ASSIGNMENT:
Every line below from the one with "где µ – показатель" through the one with "El valor actual" should be retyped exactly, both ends included; no other lines and no pictures.

DATA SUPPLIED:
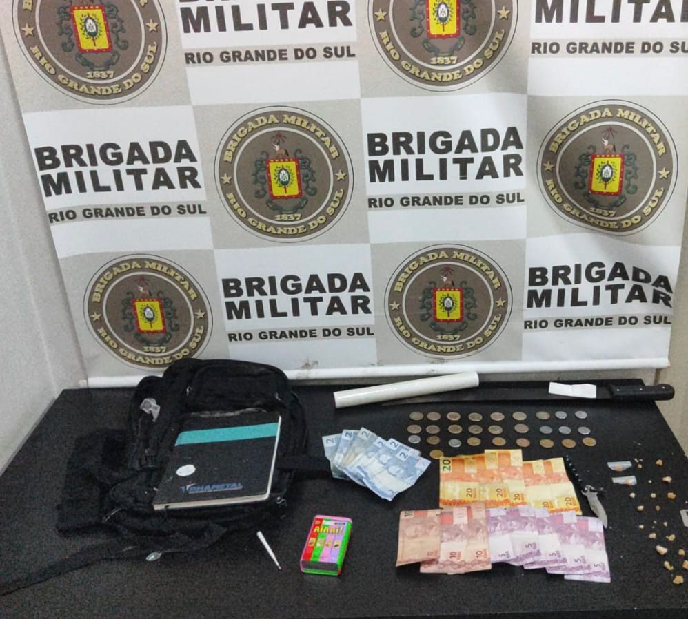 Na revista pessoal e na mochila, foram encontradas porções de crack, material utilizado para o fracionamento da droga, armas brancas e uma quantia em dinheiro.
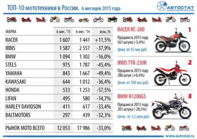 Автостат пришел к выводу, что за первое полугодие 2015 года российский рынок мототехники сократился, как минимум, на 33%, то есть ровно на одну треть. Однако, в исследовании участвуют не только традиционные "большие" компании, но и представительства китайских, а также местные сборочные предприятия, которые теперь стали играть серьезную роль в абсолютных цифрах.
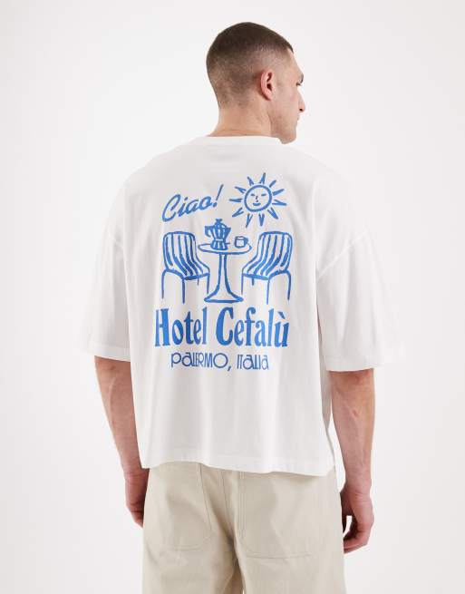ASOS DESIGN - T-shirt oversize coupe carrée avec imprimé hôtel - Blanc.
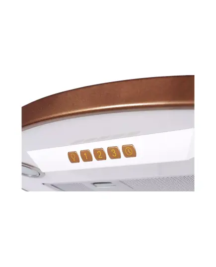 Элегантный белый корпус модели BONA 60 W Bronze дополнен бронзовой отделкой и механической панелью управления. Ретро-образ вытяжки гармонирует со стилизованными интерьерами. Жироулавливающие фильтры легко снимаются для очистки. Алюминиевая решетка защищает внутренние детали от налипания жировых частиц, что повышает эффективность работы и увеличивает срок службы прибора. Низкий уровень шума, экономичное освещение и регулируемая скорость — одни из основных преимуществ модели.
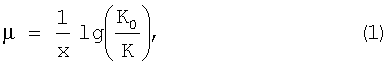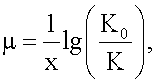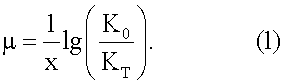 где µ – показатель ослабления объекта; х – линейный размер объекта; К0 – начальный контраст; К – текущий контраст.
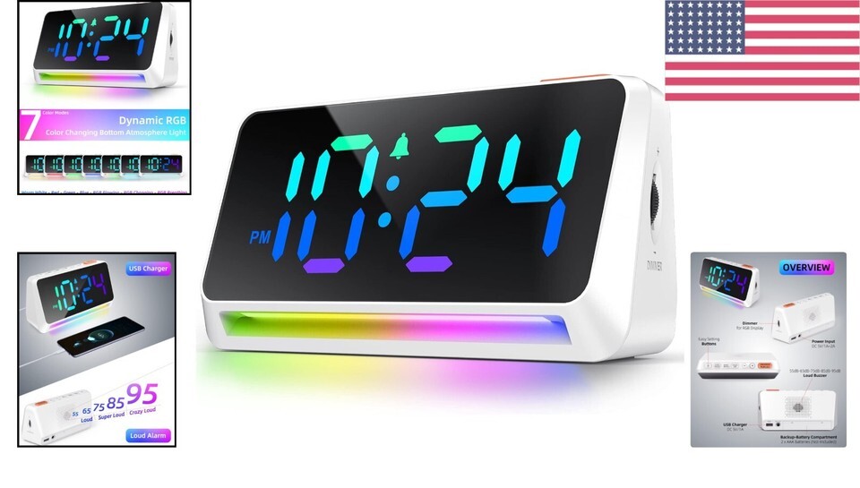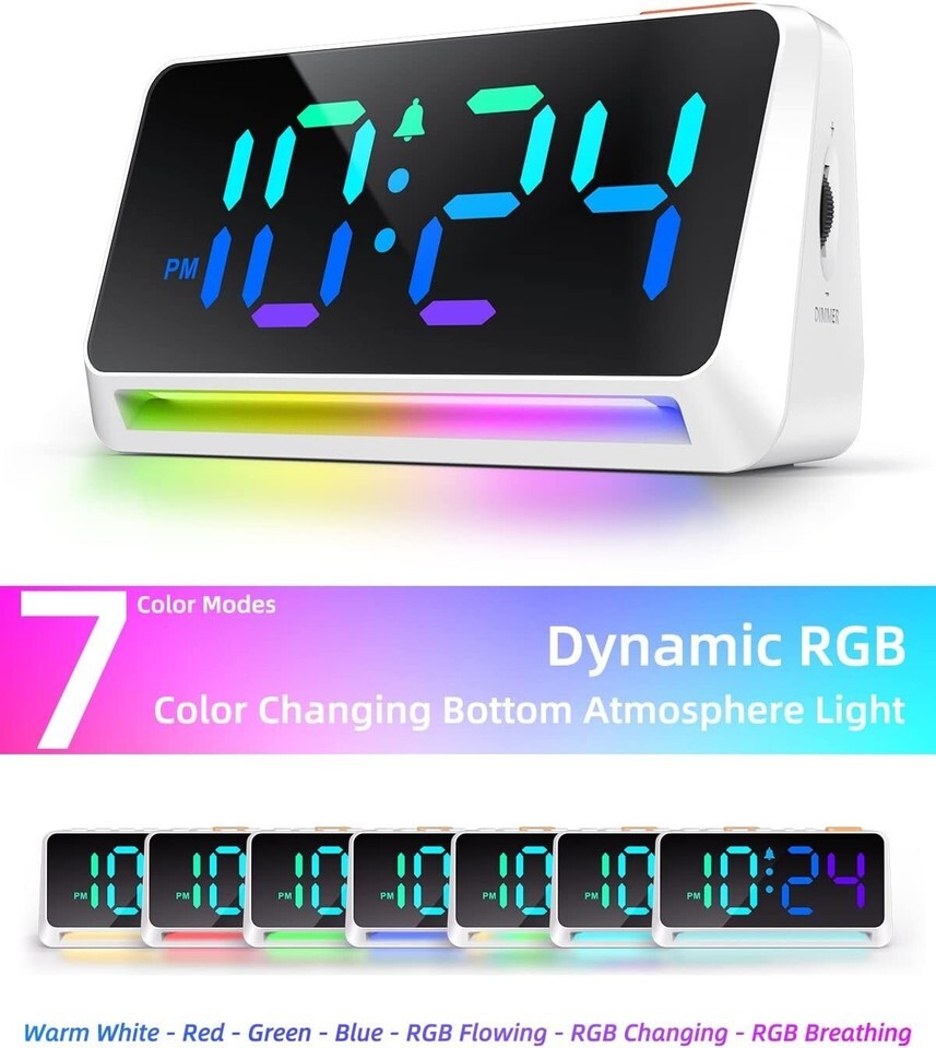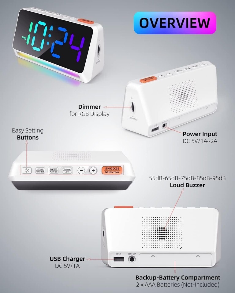 Features: 12-Hour Display,24-Hour Display,Alarm,Battery Backup,Night Light,USB Charger,6-Level Buzzer Volume,Adjustable Brightness,Snooze,Loud Alarm Clock,Adjustable Snooze Time,USB Charger Port,Dynamic RGB Display,Adjustable Night Light,12/24 Hour Time Format,Dimmable Display
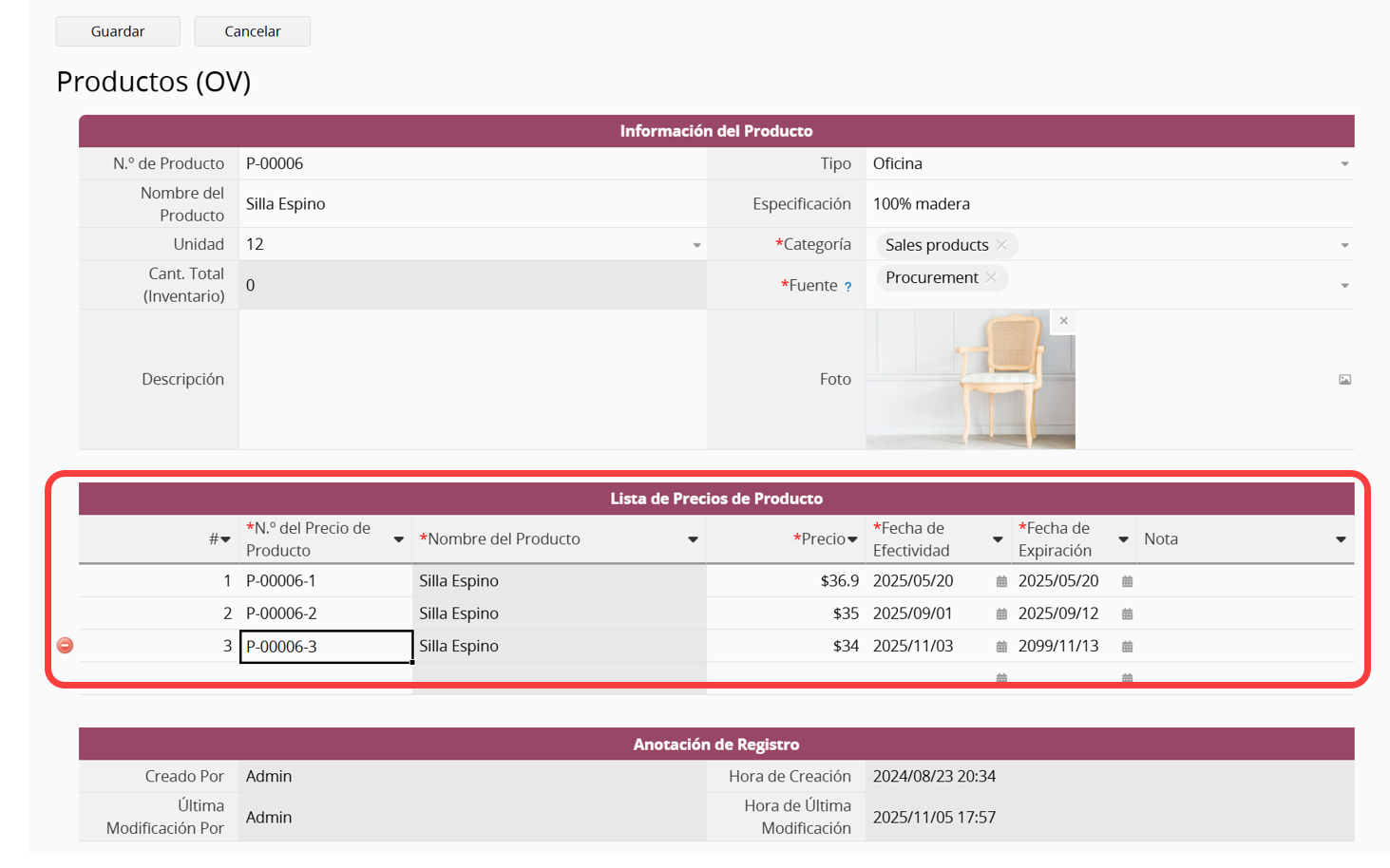 El valor actual de No. Precio de Producto es “No. de Producto -Precio#”. El valor del campo es automáticamente rellenado por fórmula y este es el valor único de la lista de precios.
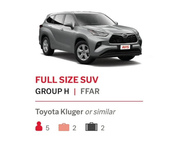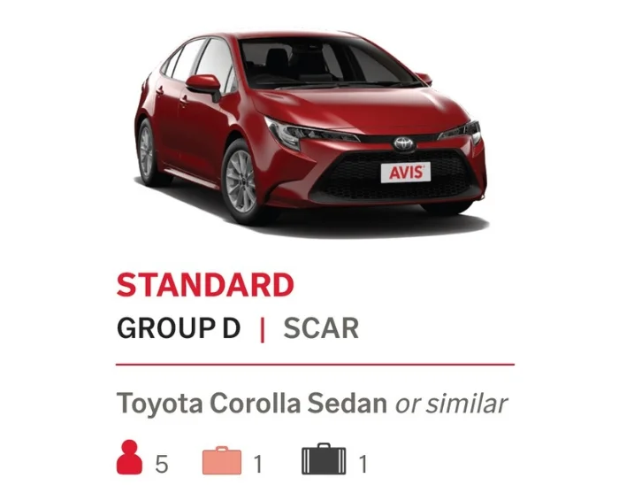 We use AVIS as our car hire partner in Australia. As standard, your included car hire features a category D ‘standard’ Toyota Corolla Sedan or similar, suitable for 1–3 people with luggage. It’s possible to upgrade to higher categories and different models if you’re travelling as a larger group or simply prefer a more spacious vehicle.

WRITTEN ANSWER:
 где µ – показатель ослабления объекта; х – линейный размер объекта; К0 – начальный контраст; К – текущий контраст.
 Features: 12-Hour Display,24-Hour Display,Alarm,Battery Backup,Night Light,USB Charger,6-Level Buzzer Volume,Adjustable Brightness,Snooze,Loud Alarm Clock,Adjustable Snooze Time,USB Charger Port,Dynamic RGB Display,Adjustable Night Light,12/24 Hour Time Format,Dimmable Display
 El valor actual de No. Precio de Producto es “No. de Producto -Precio#”. El valor del campo es automáticamente rellenado por fórmula y este es el valor único de la lista de precios.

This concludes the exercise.